= Work task =
Only the stretch of the listing below that runs from the line with "A group of hand" through the line with "ペンキの剥げた ホーロー電笠付きブラケット照明" is to be printed, exactly and with both ends.

= Material for this task =
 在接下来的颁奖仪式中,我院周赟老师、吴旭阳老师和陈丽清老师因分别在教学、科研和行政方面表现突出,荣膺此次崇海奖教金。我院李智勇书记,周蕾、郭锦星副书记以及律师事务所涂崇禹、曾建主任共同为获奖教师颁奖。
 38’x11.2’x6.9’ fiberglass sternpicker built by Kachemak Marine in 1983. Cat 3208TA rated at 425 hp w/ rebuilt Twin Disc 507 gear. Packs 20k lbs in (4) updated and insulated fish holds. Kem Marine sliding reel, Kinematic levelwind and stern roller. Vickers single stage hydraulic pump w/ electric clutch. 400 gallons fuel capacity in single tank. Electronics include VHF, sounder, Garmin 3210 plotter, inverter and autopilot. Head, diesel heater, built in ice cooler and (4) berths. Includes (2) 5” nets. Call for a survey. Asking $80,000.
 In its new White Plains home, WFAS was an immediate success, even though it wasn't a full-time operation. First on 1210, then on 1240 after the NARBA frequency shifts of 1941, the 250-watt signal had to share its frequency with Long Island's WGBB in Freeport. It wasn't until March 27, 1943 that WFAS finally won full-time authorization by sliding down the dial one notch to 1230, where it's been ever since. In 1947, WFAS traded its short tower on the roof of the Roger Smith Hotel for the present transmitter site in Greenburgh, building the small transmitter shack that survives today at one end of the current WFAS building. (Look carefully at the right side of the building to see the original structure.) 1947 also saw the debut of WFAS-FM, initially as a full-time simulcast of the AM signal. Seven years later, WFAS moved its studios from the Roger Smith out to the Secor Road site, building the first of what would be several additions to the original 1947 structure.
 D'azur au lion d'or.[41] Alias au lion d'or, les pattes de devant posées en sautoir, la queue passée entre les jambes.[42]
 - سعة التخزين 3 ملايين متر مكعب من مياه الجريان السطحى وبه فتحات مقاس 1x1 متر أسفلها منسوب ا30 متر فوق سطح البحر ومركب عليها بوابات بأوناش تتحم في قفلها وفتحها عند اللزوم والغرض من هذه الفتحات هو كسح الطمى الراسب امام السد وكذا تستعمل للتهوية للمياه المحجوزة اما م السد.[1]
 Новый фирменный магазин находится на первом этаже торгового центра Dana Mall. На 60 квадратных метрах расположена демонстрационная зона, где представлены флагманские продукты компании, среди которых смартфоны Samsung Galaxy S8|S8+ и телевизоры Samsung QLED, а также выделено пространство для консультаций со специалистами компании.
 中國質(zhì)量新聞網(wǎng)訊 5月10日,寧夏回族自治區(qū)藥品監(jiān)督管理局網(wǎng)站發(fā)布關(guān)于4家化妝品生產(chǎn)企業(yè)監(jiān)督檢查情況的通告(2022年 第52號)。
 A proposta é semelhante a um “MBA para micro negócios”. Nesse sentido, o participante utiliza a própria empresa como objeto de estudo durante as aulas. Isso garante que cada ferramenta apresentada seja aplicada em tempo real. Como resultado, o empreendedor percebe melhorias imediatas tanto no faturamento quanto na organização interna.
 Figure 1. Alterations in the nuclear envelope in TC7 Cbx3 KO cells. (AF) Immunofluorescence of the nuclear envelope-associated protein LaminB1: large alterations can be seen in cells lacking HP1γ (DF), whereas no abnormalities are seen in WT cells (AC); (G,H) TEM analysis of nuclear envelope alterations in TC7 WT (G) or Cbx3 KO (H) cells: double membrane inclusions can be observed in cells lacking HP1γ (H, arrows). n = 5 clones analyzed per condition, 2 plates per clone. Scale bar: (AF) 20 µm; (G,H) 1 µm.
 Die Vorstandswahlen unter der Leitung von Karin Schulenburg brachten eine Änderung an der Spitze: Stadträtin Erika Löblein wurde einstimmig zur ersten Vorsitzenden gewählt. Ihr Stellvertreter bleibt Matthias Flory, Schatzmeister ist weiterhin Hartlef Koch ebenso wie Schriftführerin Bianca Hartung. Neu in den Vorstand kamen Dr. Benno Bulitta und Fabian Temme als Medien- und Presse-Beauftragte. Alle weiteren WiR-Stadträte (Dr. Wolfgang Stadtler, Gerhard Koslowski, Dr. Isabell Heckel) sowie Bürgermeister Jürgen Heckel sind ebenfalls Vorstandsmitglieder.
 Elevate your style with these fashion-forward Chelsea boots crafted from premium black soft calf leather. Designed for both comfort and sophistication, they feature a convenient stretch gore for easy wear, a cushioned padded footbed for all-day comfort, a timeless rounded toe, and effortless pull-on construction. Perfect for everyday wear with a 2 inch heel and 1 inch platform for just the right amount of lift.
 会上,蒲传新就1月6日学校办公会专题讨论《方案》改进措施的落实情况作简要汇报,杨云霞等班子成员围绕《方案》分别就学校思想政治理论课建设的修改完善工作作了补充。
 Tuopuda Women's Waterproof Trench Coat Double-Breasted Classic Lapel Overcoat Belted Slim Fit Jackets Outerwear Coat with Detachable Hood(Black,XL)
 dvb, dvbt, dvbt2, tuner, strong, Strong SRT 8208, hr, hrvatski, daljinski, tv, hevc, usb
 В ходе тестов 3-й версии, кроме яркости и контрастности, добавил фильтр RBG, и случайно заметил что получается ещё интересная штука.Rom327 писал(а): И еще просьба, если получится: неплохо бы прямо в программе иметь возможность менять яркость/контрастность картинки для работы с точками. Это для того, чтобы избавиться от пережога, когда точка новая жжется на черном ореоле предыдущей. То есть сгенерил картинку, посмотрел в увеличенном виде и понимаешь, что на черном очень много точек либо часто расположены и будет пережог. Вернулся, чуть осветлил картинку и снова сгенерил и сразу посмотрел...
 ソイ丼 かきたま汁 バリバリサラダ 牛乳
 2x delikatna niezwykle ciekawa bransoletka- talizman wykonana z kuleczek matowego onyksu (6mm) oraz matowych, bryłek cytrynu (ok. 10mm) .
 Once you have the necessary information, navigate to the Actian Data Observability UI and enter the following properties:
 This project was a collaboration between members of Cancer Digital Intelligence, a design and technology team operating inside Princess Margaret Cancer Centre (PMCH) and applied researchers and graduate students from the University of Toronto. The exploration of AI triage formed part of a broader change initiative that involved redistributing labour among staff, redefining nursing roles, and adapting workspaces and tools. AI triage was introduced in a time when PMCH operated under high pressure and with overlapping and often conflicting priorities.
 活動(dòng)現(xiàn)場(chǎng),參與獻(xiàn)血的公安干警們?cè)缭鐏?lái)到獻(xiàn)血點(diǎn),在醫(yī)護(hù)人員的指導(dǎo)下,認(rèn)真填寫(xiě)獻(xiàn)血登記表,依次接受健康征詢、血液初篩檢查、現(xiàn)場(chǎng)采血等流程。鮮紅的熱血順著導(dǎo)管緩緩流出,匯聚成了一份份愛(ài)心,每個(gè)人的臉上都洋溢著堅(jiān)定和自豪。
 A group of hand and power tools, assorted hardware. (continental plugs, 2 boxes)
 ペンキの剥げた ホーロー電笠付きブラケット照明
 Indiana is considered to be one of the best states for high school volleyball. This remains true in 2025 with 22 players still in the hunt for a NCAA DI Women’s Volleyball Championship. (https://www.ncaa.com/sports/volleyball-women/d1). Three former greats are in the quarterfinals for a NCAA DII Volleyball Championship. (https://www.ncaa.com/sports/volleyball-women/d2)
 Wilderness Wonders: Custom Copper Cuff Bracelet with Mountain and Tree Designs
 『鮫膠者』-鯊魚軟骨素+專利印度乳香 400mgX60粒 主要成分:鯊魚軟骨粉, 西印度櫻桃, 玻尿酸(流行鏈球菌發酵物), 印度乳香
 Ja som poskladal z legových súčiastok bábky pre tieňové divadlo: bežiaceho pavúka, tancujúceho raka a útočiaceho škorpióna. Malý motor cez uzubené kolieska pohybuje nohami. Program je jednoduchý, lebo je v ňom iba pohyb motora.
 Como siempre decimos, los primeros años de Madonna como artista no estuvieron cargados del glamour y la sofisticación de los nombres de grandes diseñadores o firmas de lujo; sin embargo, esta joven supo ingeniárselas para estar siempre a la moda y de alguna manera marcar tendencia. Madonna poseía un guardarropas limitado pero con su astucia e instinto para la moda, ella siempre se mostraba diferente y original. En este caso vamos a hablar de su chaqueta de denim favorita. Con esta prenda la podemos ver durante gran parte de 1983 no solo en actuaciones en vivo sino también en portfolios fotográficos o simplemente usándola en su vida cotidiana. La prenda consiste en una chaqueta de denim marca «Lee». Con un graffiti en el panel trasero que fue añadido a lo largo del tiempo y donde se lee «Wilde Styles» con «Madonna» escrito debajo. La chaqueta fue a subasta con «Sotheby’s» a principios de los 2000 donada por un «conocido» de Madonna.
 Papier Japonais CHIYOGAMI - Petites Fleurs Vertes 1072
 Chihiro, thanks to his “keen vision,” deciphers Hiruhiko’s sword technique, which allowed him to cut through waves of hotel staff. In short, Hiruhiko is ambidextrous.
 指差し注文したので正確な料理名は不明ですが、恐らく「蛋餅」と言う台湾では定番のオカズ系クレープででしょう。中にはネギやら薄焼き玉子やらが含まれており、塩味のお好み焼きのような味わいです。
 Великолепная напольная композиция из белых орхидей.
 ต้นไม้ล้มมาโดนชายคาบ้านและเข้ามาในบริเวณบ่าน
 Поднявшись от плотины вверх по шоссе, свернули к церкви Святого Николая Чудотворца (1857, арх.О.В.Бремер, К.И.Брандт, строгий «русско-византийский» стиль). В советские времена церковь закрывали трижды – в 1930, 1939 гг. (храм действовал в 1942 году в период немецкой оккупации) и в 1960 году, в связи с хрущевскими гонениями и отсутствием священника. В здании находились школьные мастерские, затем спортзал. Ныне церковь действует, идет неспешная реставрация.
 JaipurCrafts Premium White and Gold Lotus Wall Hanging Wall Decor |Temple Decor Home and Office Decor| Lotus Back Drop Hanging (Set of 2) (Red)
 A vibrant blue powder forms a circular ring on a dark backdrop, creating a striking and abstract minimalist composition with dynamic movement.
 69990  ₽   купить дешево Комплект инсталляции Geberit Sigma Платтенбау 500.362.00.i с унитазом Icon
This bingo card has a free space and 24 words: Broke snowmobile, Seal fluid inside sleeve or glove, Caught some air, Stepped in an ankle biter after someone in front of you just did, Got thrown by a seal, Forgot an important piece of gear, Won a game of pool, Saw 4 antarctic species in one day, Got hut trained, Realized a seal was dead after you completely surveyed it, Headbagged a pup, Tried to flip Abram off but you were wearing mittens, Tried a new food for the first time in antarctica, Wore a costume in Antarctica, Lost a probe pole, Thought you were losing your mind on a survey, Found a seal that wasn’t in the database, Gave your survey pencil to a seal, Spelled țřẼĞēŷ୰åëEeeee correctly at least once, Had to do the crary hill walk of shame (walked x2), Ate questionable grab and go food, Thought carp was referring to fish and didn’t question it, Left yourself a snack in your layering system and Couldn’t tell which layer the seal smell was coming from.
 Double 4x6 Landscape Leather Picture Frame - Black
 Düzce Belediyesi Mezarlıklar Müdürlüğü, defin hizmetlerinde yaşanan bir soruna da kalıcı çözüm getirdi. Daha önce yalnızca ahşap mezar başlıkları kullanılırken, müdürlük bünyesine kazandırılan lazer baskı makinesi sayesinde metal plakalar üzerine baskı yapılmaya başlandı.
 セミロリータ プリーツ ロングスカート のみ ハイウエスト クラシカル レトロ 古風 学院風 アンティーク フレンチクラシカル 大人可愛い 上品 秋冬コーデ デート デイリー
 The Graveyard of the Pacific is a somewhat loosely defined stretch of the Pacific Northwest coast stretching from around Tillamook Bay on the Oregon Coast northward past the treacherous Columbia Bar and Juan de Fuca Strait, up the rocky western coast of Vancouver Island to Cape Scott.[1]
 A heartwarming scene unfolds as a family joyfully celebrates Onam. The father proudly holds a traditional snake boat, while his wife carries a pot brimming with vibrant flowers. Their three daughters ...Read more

= The answer =
 A group of hand and power tools, assorted hardware. (continental plugs, 2 boxes)
 ペンキの剥げた ホーロー電笠付きブラケット照明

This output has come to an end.